→ The task:
Output all the data exactly. Pictures do not belong in the copy.

..............................

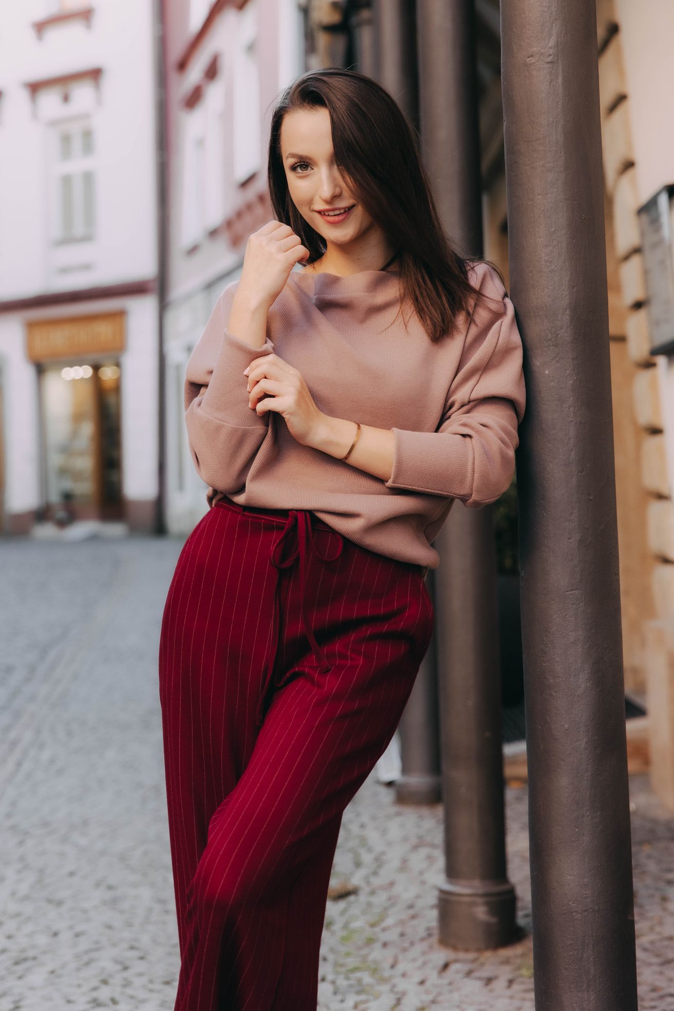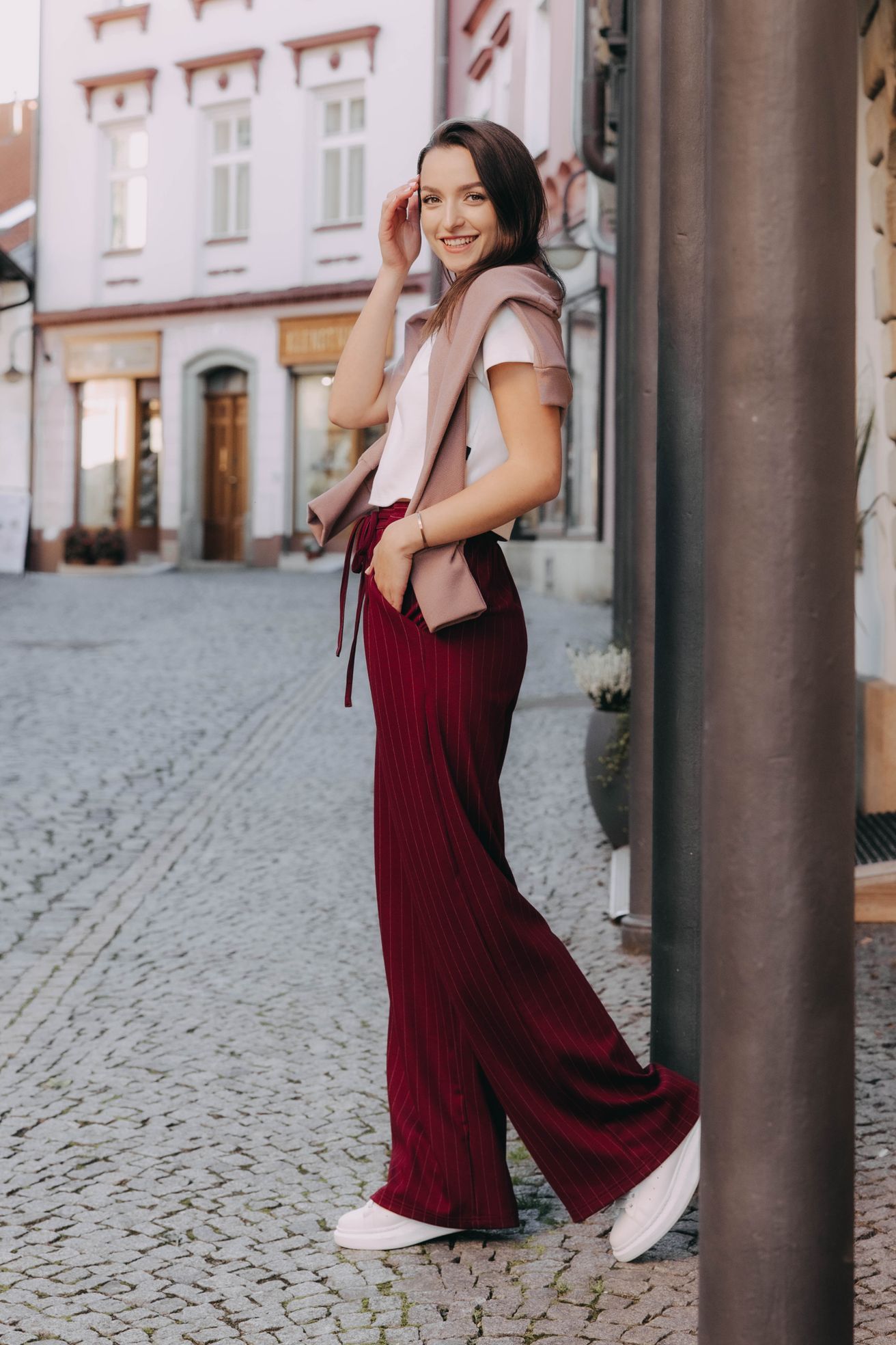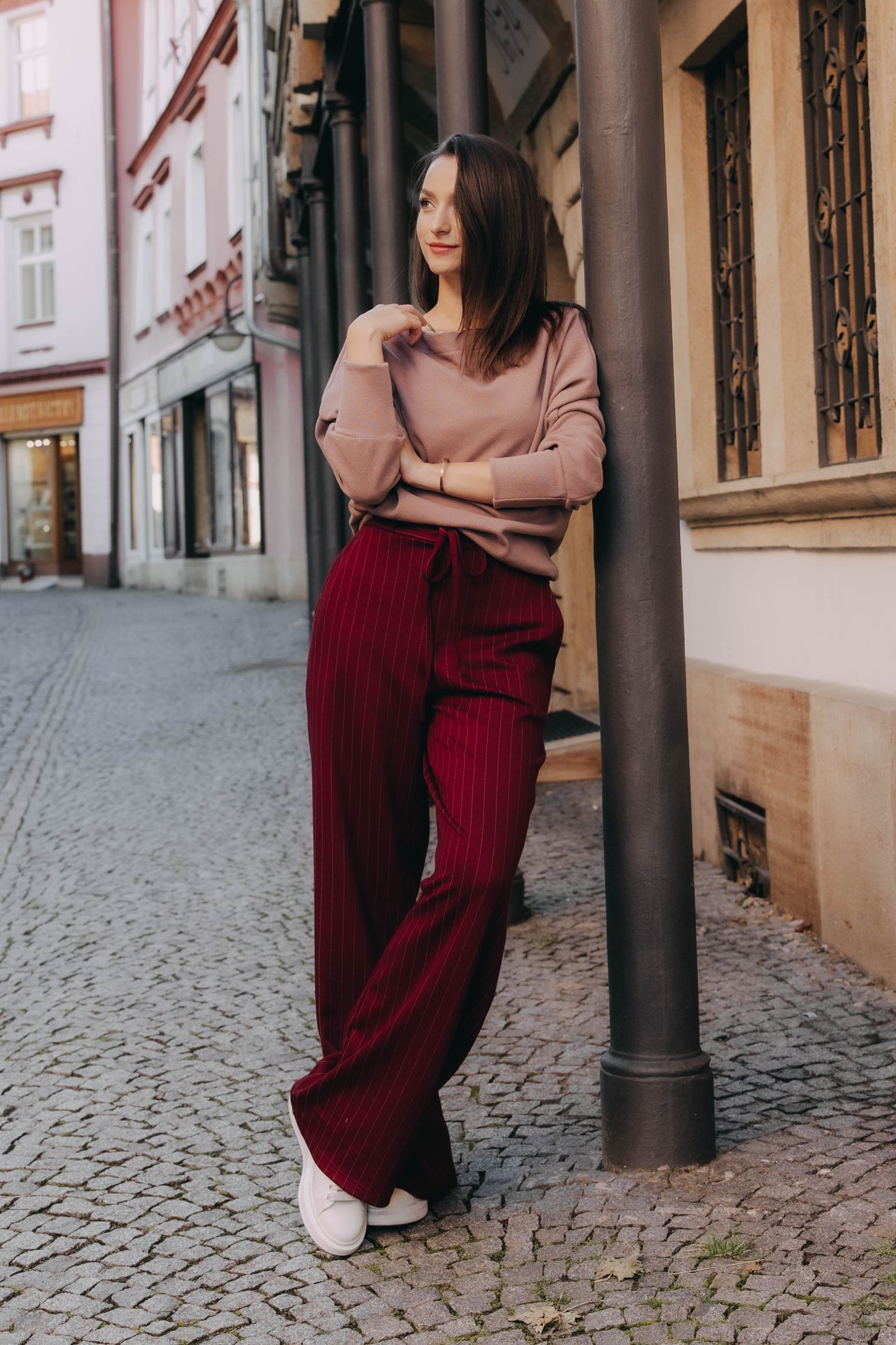 Vysoký pas a jemně nařasená zadní část s pružnou gumou nejenže vytvářejí elegantní siluetu, kterou opticky prodlužují svislé proužky, ale zaručují i dokonalé pohodlí během celého dne. Kapsy po stranách, kam si můžete pohodlně schovat ruce nebo drobnosti, a šňůrka vpředu, kterou si pas utáhnete, jim dodávají šmrnc, jako by vám byly ušité na míru.Volný a splývavý střih je přesně to, co potřebujete pro podzimní dny, kdy si chcete dopřát trochu volnosti – ideální na procházku parkem, když vám pod nohama šustí zlatavé listí, na kávu s přáteli či cestou do práce během chladného rána.
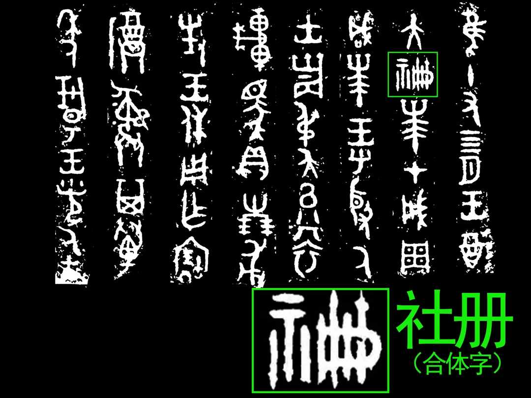 图二,解读社册(合体字),大社册,在国社(帝庙)进行的册封。
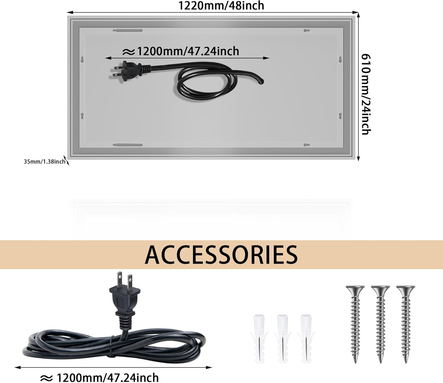 | Item Type Name | Uneeruiqy 48 x 36 Inch LED Bathroom Mirror, LED-Lit Bathroom Mirror With Adjustable Brightness Lights Rectangular Vanity Mirror, Wall Mounted Anti-fog Memory Mirror For Bathroom LED Mirror White |
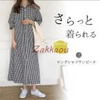 シャツワンピース レディース 半袖 ワンピース 40代 ロング丈 春 夏 チェック柄 きれいめ 体型カバー お洒落 着痩せ 通勤 通学 カジュアル ゆったり 30代 50代
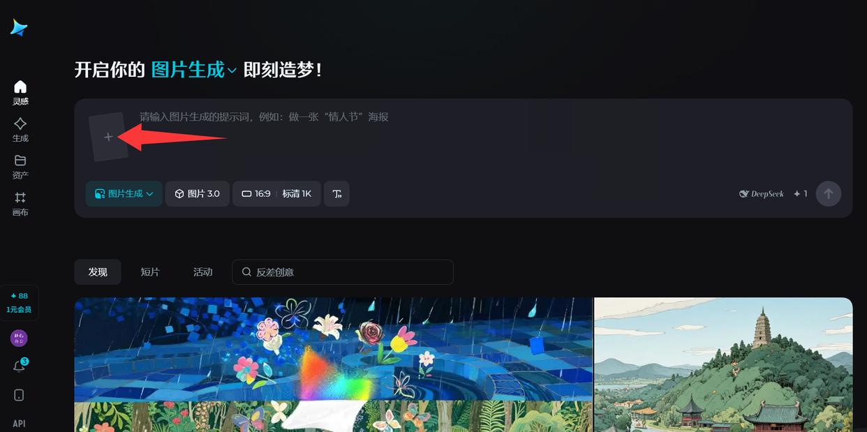 在打開(kāi)的頁(yè)面中,點(diǎn)擊對(duì)話框中的【+】,上傳我們要改造的圖片。
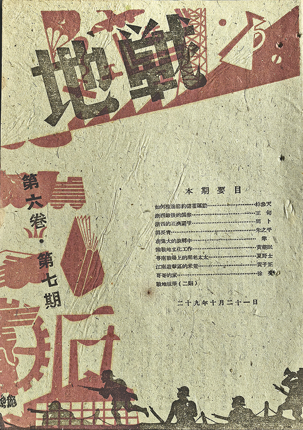 在一本第六卷第九期的《战地》封底,几行竖排字标注:“出版者:战地社,发行者:战地服务团,金华酒坊巷十一号”。另一本第六卷第七期内页印有“东南日报第二印刷厂承印”字样。据刘关良考证,这些刊物正是《东南日报》迁至金华期间出版的。

..............................

→ Exercise answer:
 Vysoký pas a jemně nařasená zadní část s pružnou gumou nejenže vytvářejí elegantní siluetu, kterou opticky prodlužují svislé proužky, ale zaručují i dokonalé pohodlí během celého dne. Kapsy po stranách, kam si můžete pohodlně schovat ruce nebo drobnosti, a šňůrka vpředu, kterou si pas utáhnete, jim dodávají šmrnc, jako by vám byly ušité na míru.Volný a splývavý střih je přesně to, co potřebujete pro podzimní dny, kdy si chcete dopřát trochu volnosti – ideální na procházku parkem, když vám pod nohama šustí zlatavé listí, na kávu s přáteli či cestou do práce během chladného rána.
 图二,解读社册(合体字),大社册,在国社(帝庙)进行的册封。
 | Item Type Name | Uneeruiqy 48 x 36 Inch LED Bathroom Mirror, LED-Lit Bathroom Mirror With Adjustable Brightness Lights Rectangular Vanity Mirror, Wall Mounted Anti-fog Memory Mirror For Bathroom LED Mirror White |
 シャツワンピース レディース 半袖 ワンピース 40代 ロング丈 春 夏 チェック柄 きれいめ 体型カバー お洒落 着痩せ 通勤 通学 カジュアル ゆったり 30代 50代
 在打開(kāi)的頁(yè)面中,點(diǎn)擊對(duì)話框中的【+】,上傳我們要改造的圖片。
 在一本第六卷第九期的《战地》封底,几行竖排字标注:“出版者:战地社,发行者:战地服务团,金华酒坊巷十一号”。另一本第六卷第七期内页印有“东南日报第二印刷厂承印”字样。据刘关良考证,这些刊物正是《东南日报》迁至金华期间出版的。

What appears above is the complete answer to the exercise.